MIP and reconstructed CT images demonstrating anomalous right pulmonary venous return to infradiaphragmatic inferior vena cava.
DISCUSSION
Although this 38 year-old woman presented with minimal and nonspecific symptoms and signs, the radiographic findings were characteristic. Scimitar syndrome is identified on chest radiography by a characteristic appearance of scimitar sign which is a curvilinear shadow parallel to the right cardiac border that resembles a curved Turkish sword (7). A wide rang of coexisting congenital cardiac abnormalities can also occur, most commonly secundum type atrial septal defect (8). Another common associated anomaly is horseshoe lung which is fusion of the posterior basal segment of the lungs behind the pericardial reflection (6).
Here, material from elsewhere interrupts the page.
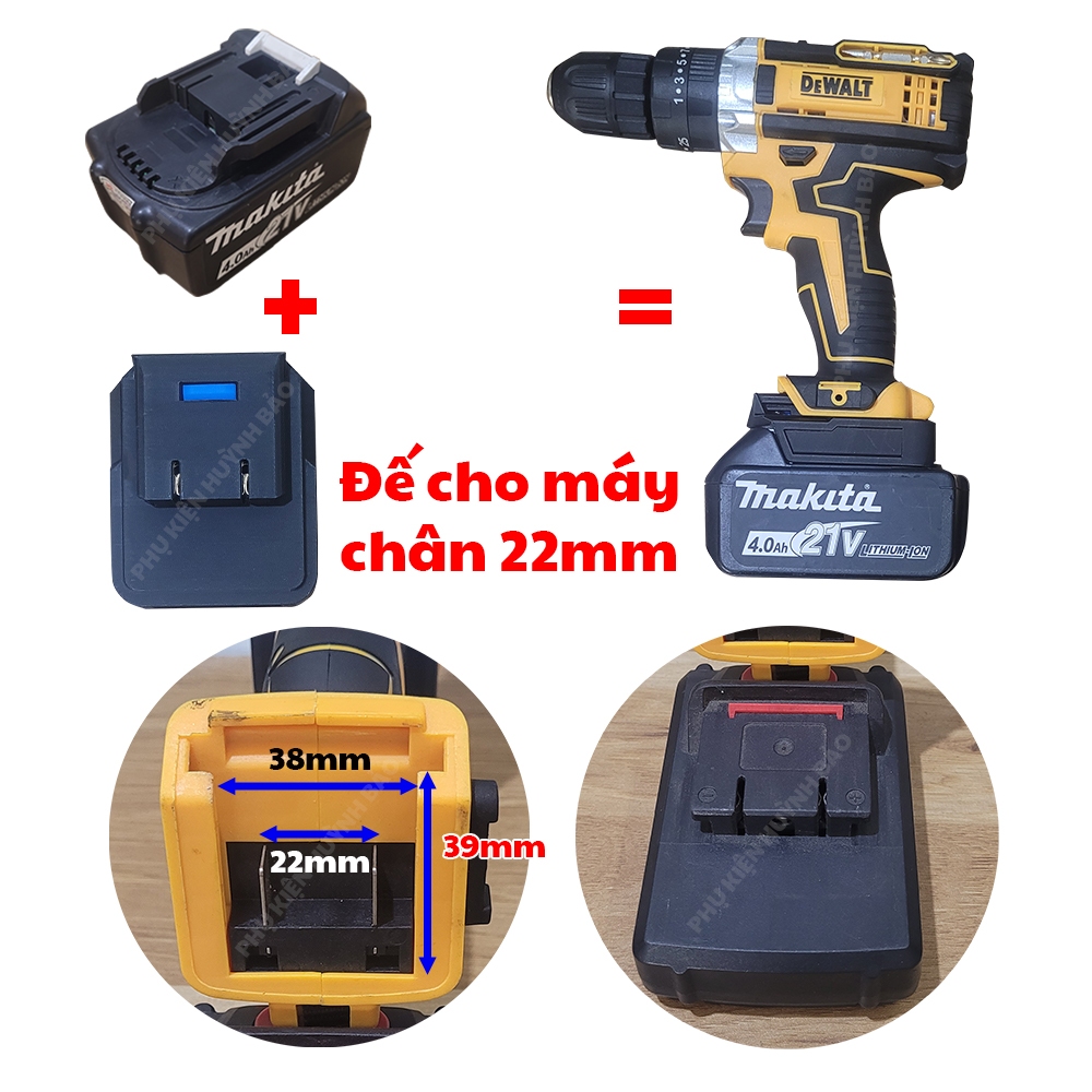 Đế Chuyển Pin Makita 18V Sang Máy Chân Pin 18/22/24mm (Ngàm trượt)

Scimitar syndrome is most commonly reported in very early infancy with a mean age of seven months, but is occasionally seen in adults (9). The infantile form that is diagnosed in cases under one year of age, is associated with a variety of thoracic abnormality and vascular malformations (1, 10). The infantile form is associated with respiratory failure, recurrent wheezing, coughing, failure to thrive, and recurrent pulmonary infections (1, 11, 12). Symptoms of cardiac failure and pulmonary hypertension may develop with a large left-to-right shunt (12, 13). The childhood/adult form is associated with a smaller shunt and a less severe pulmonary hypertension (1). This group is characterized by minimal symptoms as in our present case and lack of coexisting anomalies (10). Although, some patients present with recurrent infection, hemoptysis, and hemothorax, the majority are identified on routine chest radiography (7, 8). However, other imaging techniques including Doppler US, conventional X-ray angiography, transthoracic Doppler ECHO, computed tomography, Cine MRI and gadolinium enhanced 3-D MR angiography are necessary to confirm the diagnosis or visualize the associated anomalies (4, 7, 10). In patients who are asymptomatic or have minor symptoms with small left-to-right shunt and normal pulmonary artery pressure, conservative management and close observation are indicated (4, 7, 8). The two main indications for surgical intervention are large left-to-right shunt greater than 2:1 resulting in pulmonary hypertension or heart failure, and recurrent pulmonary infection associated with sequestered lungs (1, 10, 13).